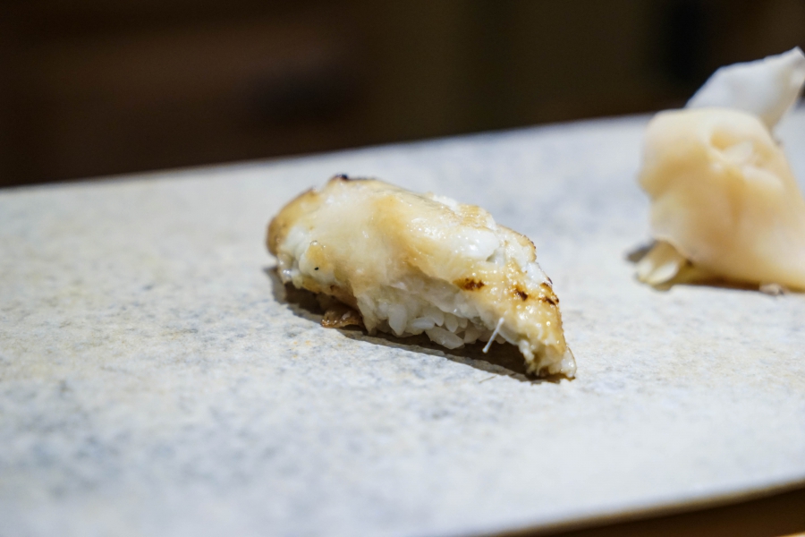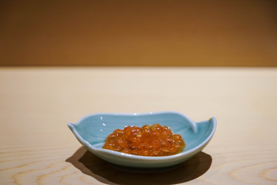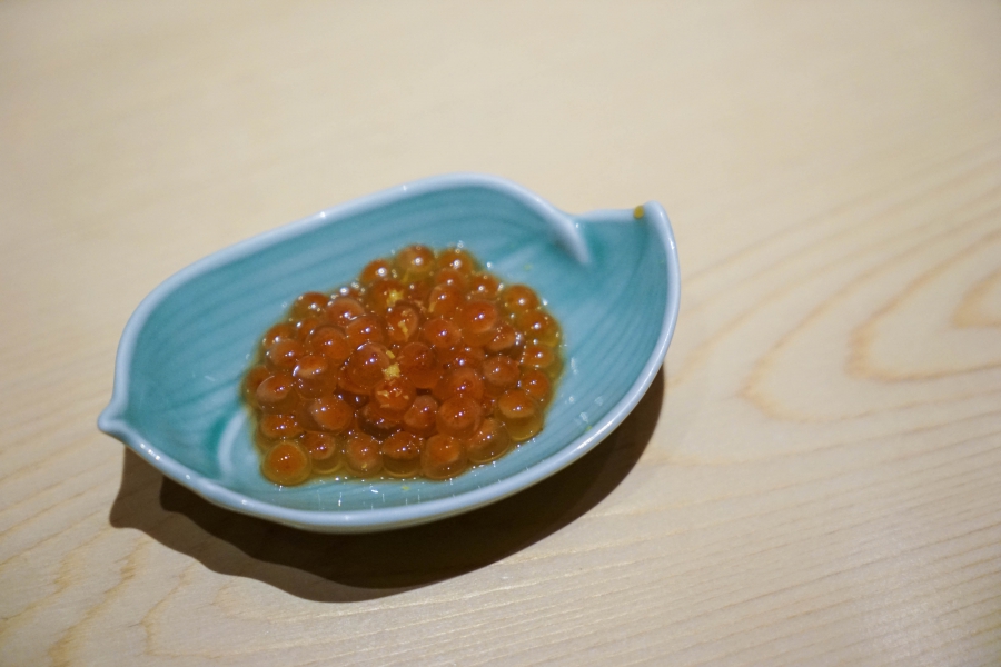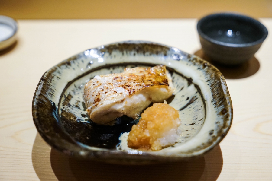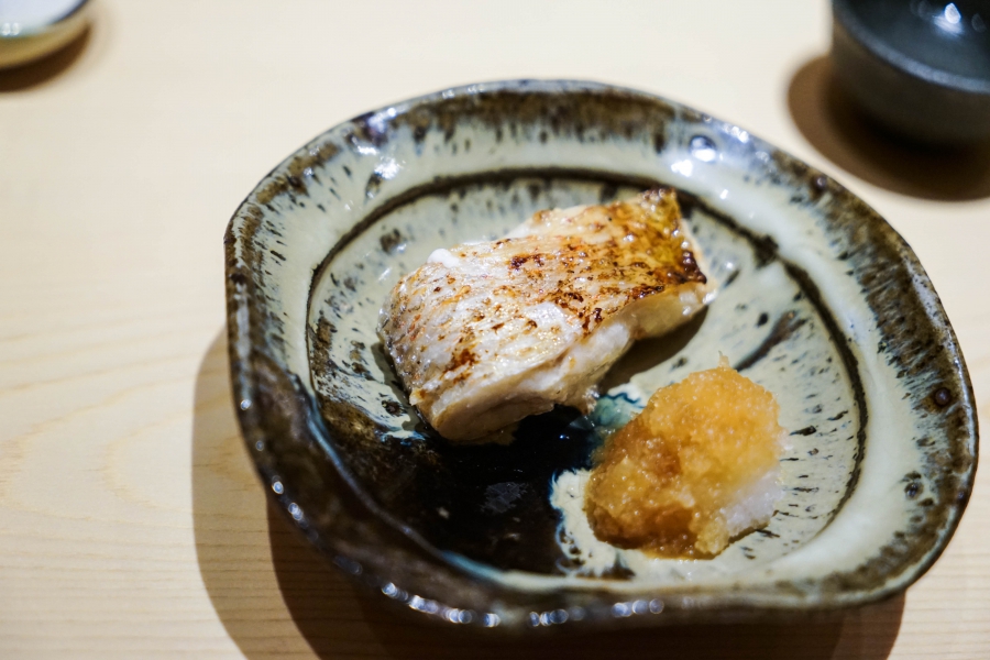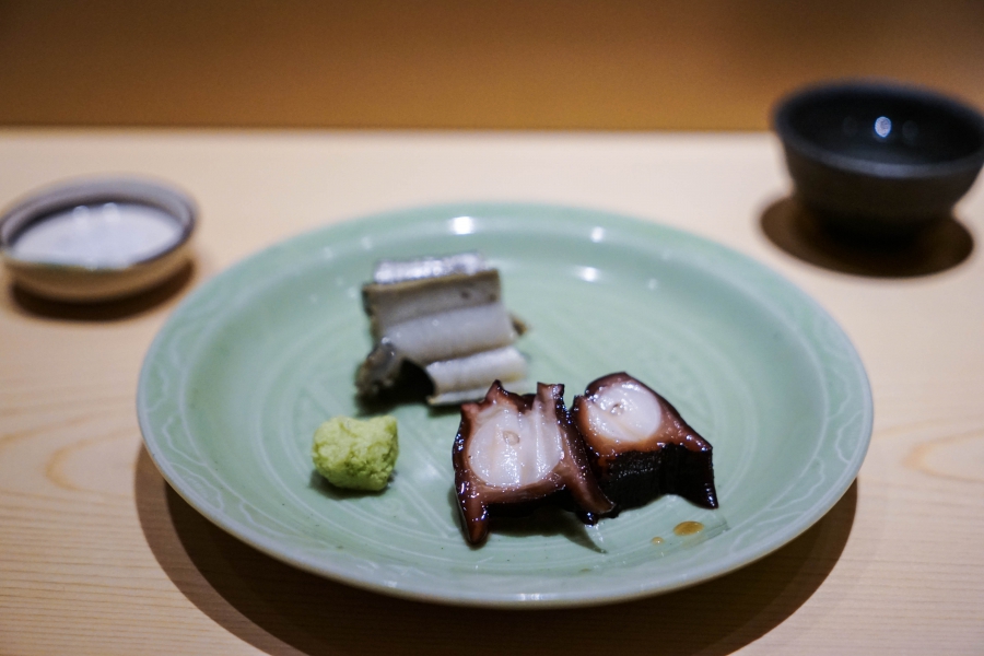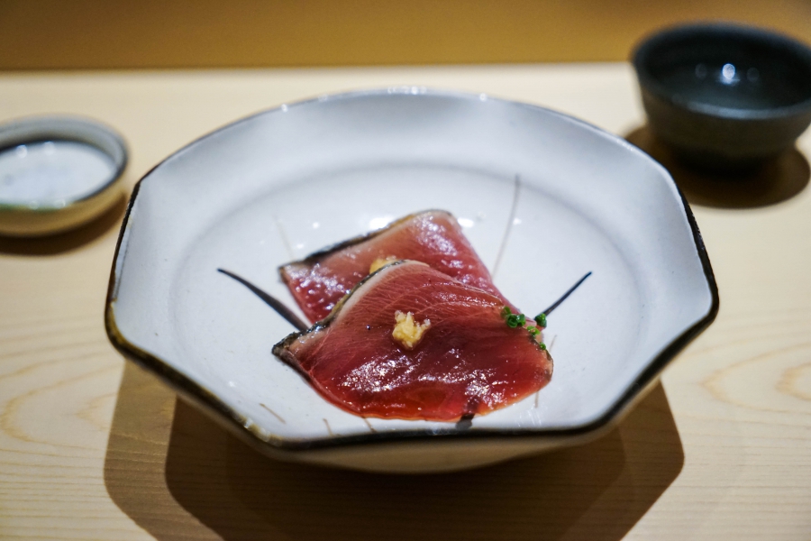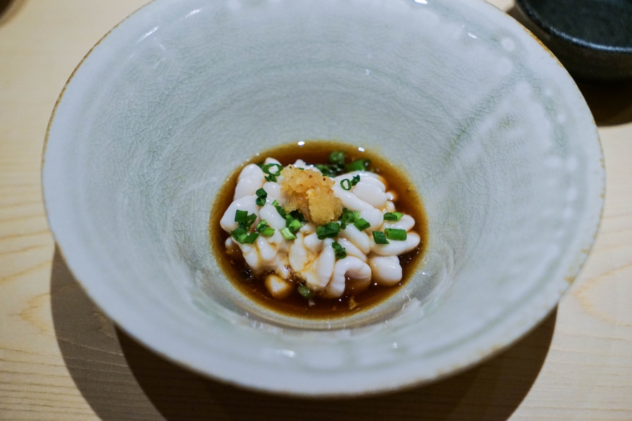 坐定後,先由酒肴開始。新鮮鮭魚卵佐柚皮,嗶嗶波波在口中爆出清新鮮鹹;煮章魚滷得稍甜,一咬即斷而不失彈性;鰹魚tataki(炙燒鰹魚,表面焦熟內部仍生),切片後浸一下柴魚高湯醬油,軟腴芬芳;鱈魚白子搭佐自家製椪醋及辣蘿蔔泥,要一口吞下其肥美濃郁,才不會被椪醋的酸味搶了風采。
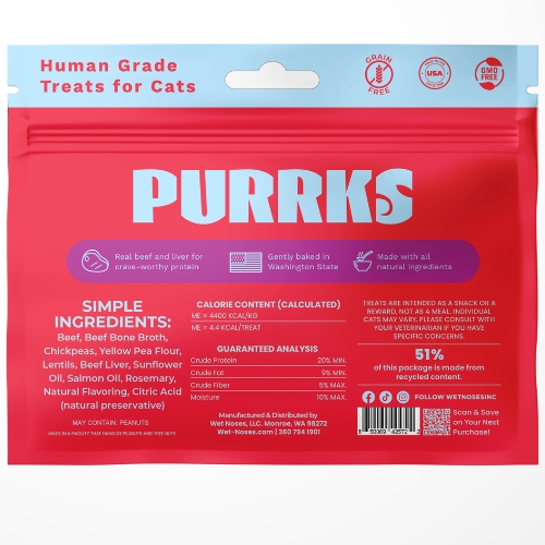 Purrks Beef Crunchies bring the crunch, the flavor, and the fun. Made with real beef and liver and gently baked for a clean, crispy bite, these crave-worthy crunchies deliver the rich protein cats love plus the goodness of beef bone broth to help support hydration and everyday vitality. Human grade ingredients and simple, purposeful nutrition come together to support healthy digestion and a soft, shiny coat, all in a bright, modern treat made for today’s cat.
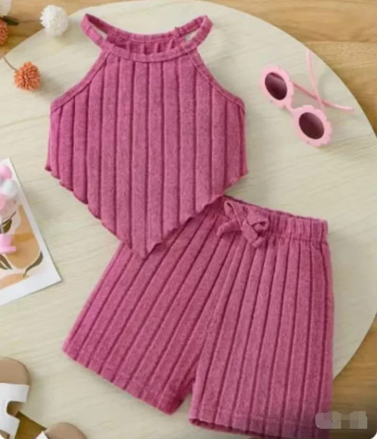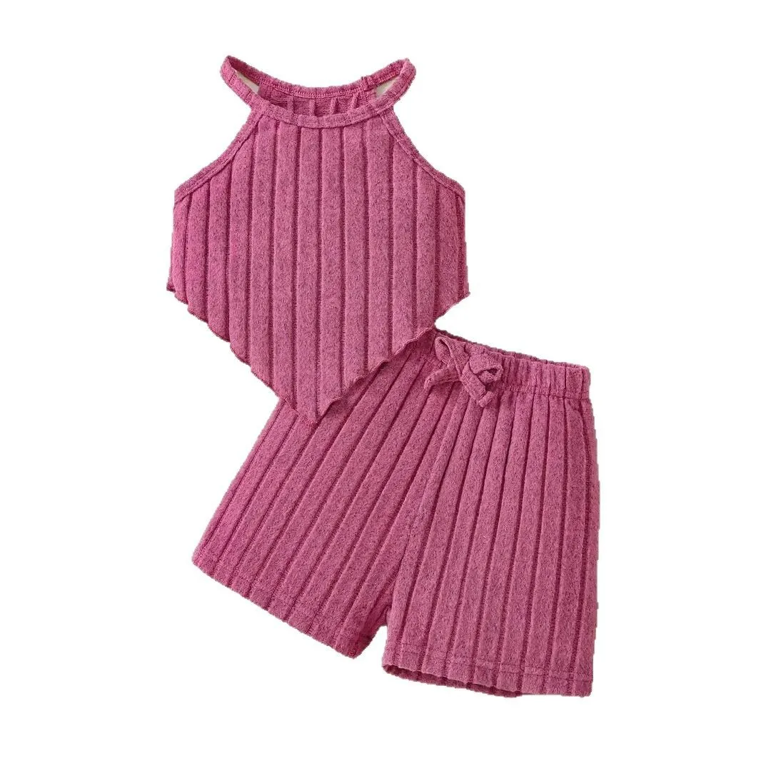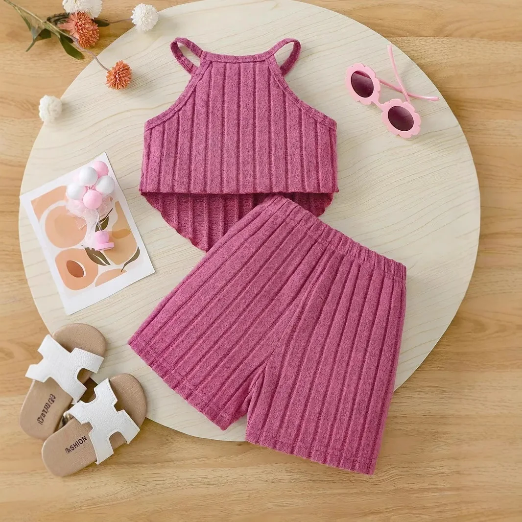 2026 Girls Cute Cotton Vest Top & Shorts Set New Solid Pattern Western Style Summer Casual Wear
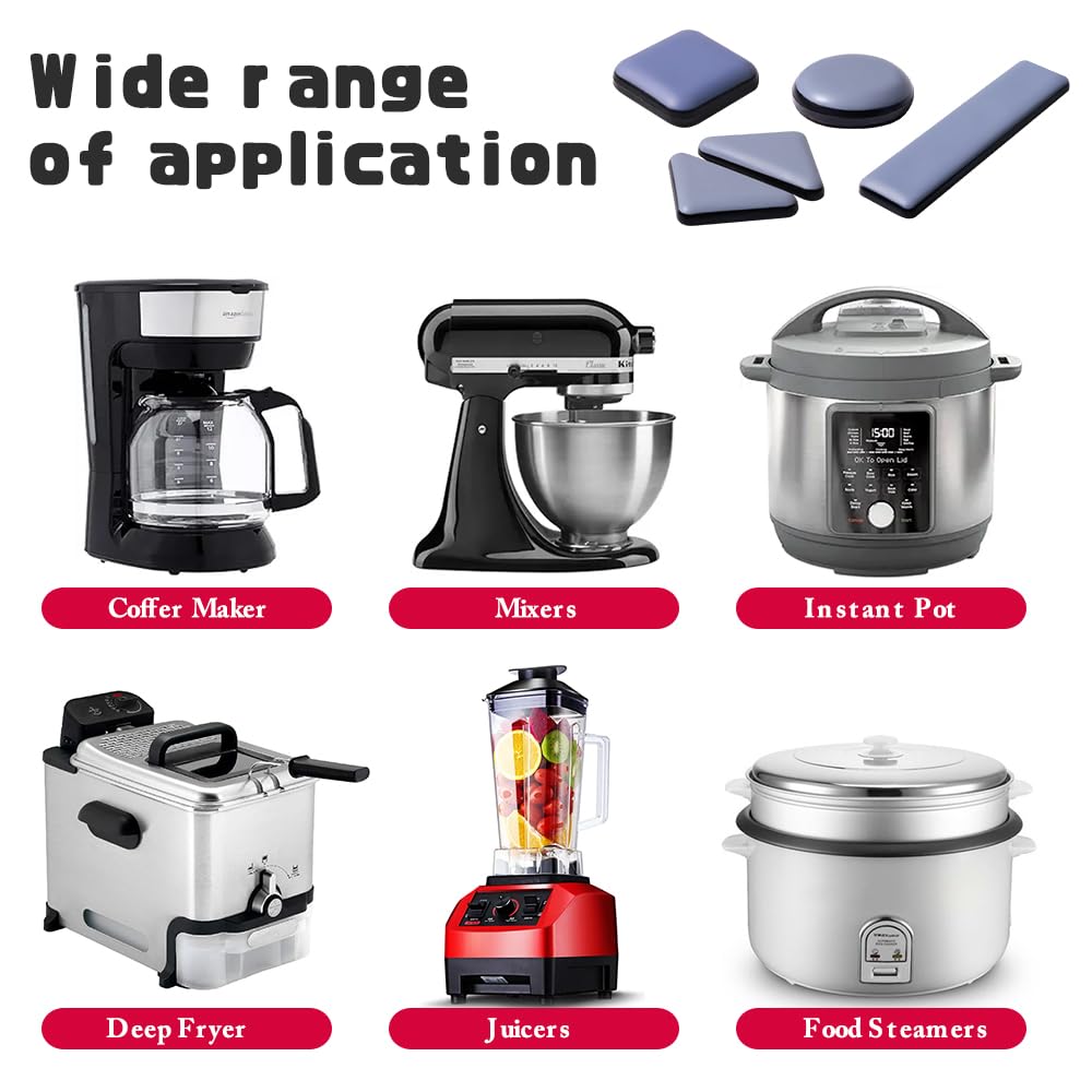 - Wide Range of Applications: Durable self-adhesive kitchen appliance slider that stick easily to glass, wood, metal and plastic. .Can be used on chairs, tables, desks, and a variety of other small furniture items and eletric appliances.such as airfryers, pressure cooker, coffee makers, blenders, cooking machines, bread machine etc. And it can also be used on other appliances, such as computer monitors, stools, chairs and cabinets, to facilitate movement without damaging the floor.
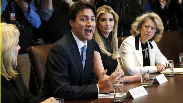 Dalam foto yang dilansir berbagai media, terlihat Trudeau duduk berseberangan dengan Trump dan keduanya dikelilingi belasan CEO dan pemimpin bisnis wanita. Nah, di sebelah kiri Trudeau, duduklah Ivanka yang sempat memberi sambutan setelah kedua kepala negara berbicara.
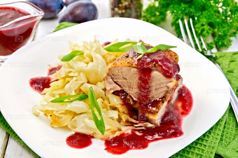 Утиная грудка с сливовым соусом и капустой
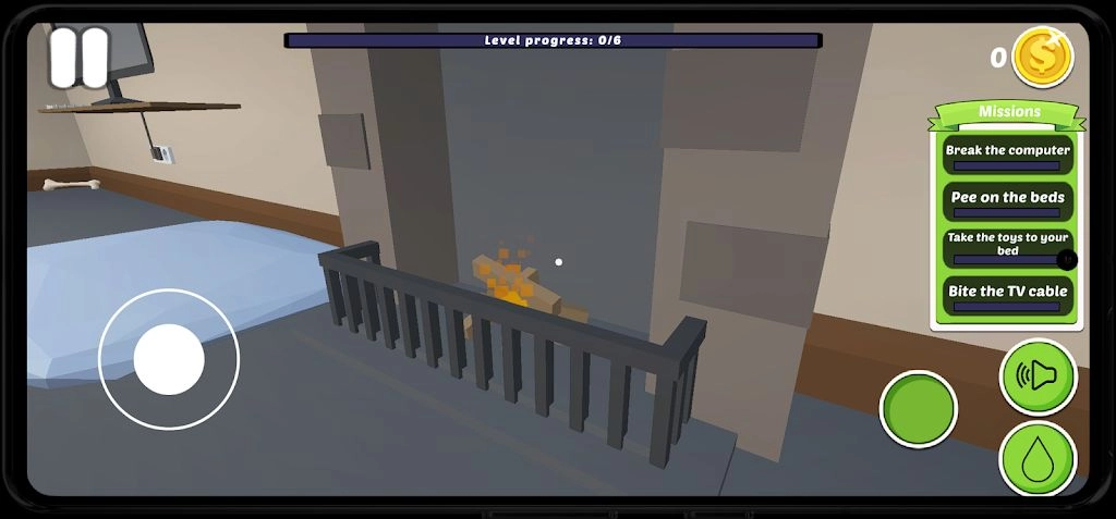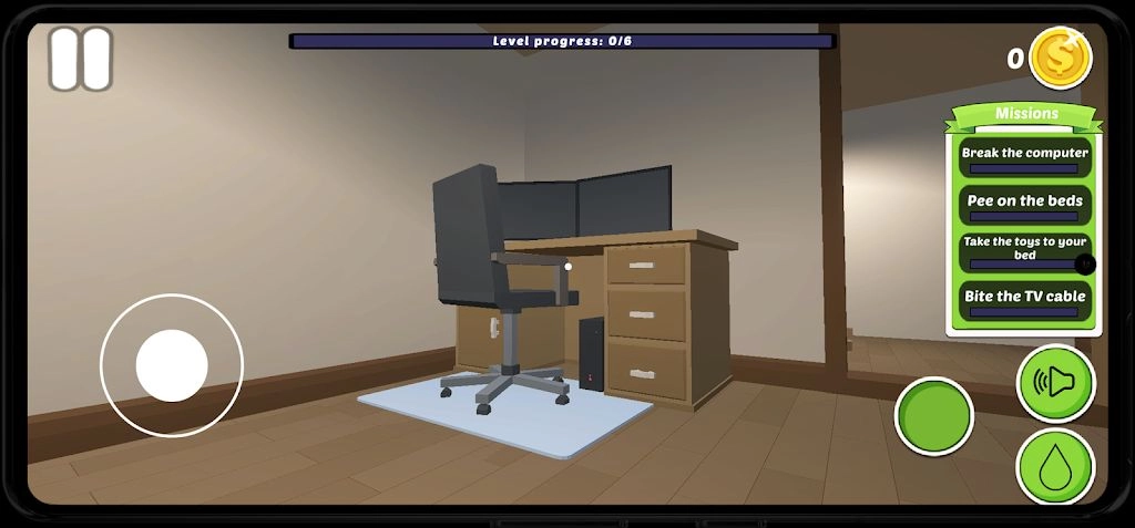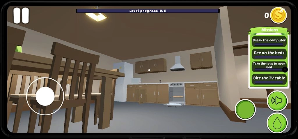 1、一款以狗狗第一人称视角打造的模拟游戏,玩家将化身为狗狗,在家中展开探索。
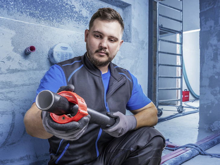 Hersteller von Rohrwerkzeugen und Rohrbearbeitungsgeräten, zeigt mit dem neuen, kompakten Rohrabschneider für Kunststoffrohre, dem Rocut Plastic Pro, wie einfach sich bereits verlegte Kunststoffrohre trennen lassen. Der Rohrabschneider passt bequem in eine Hand und braucht so wenig Platz, dass Anwender Kunststoffrohre sogar nahe an der Wand exakt, gerade und rechtwinklig trennen können. Dieses Werkzeug übernimmt das Trennen von jeweils zwei Rohrdurchmessern in einem – ersetzt also zwei Rohrabschneider. Er trennt PE- und PP-Rohre sowie Rohre aus dünnwandigem PVC. Rothenberger bietet den Rocut Plastic Pro in drei Ausführungen für unterschiedliche Rohrdimensionen an.

TASK ITEM: The job is to copy all the records precisely while omitting any picture.

RESULT:
 坐定後,先由酒肴開始。新鮮鮭魚卵佐柚皮,嗶嗶波波在口中爆出清新鮮鹹;煮章魚滷得稍甜,一咬即斷而不失彈性;鰹魚tataki(炙燒鰹魚,表面焦熟內部仍生),切片後浸一下柴魚高湯醬油,軟腴芬芳;鱈魚白子搭佐自家製椪醋及辣蘿蔔泥,要一口吞下其肥美濃郁,才不會被椪醋的酸味搶了風采。
 Purrks Beef Crunchies bring the crunch, the flavor, and the fun. Made with real beef and liver and gently baked for a clean, crispy bite, these crave-worthy crunchies deliver the rich protein cats love plus the goodness of beef bone broth to help support hydration and everyday vitality. Human grade ingredients and simple, purposeful nutrition come together to support healthy digestion and a soft, shiny coat, all in a bright, modern treat made for today’s cat.
 2026 Girls Cute Cotton Vest Top & Shorts Set New Solid Pattern Western Style Summer Casual Wear
 - Wide Range of Applications: Durable self-adhesive kitchen appliance slider that stick easily to glass, wood, metal and plastic. .Can be used on chairs, tables, desks, and a variety of other small furniture items and eletric appliances.such as airfryers, pressure cooker, coffee makers, blenders, cooking machines, bread machine etc. And it can also be used on other appliances, such as computer monitors, stools, chairs and cabinets, to facilitate movement without damaging the floor.
 Dalam foto yang dilansir berbagai media, terlihat Trudeau duduk berseberangan dengan Trump dan keduanya dikelilingi belasan CEO dan pemimpin bisnis wanita. Nah, di sebelah kiri Trudeau, duduklah Ivanka yang sempat memberi sambutan setelah kedua kepala negara berbicara.
 Утиная грудка с сливовым соусом и капустой
 1、一款以狗狗第一人称视角打造的模拟游戏,玩家将化身为狗狗,在家中展开探索。
 Hersteller von Rohrwerkzeugen und Rohrbearbeitungsgeräten, zeigt mit dem neuen, kompakten Rohrabschneider für Kunststoffrohre, dem Rocut Plastic Pro, wie einfach sich bereits verlegte Kunststoffrohre trennen lassen. Der Rohrabschneider passt bequem in eine Hand und braucht so wenig Platz, dass Anwender Kunststoffrohre sogar nahe an der Wand exakt, gerade und rechtwinklig trennen können. Dieses Werkzeug übernimmt das Trennen von jeweils zwei Rohrdurchmessern in einem – ersetzt also zwei Rohrabschneider. Er trennt PE- und PP-Rohre sowie Rohre aus dünnwandigem PVC. Rothenberger bietet den Rocut Plastic Pro in drei Ausführungen für unterschiedliche Rohrdimensionen an.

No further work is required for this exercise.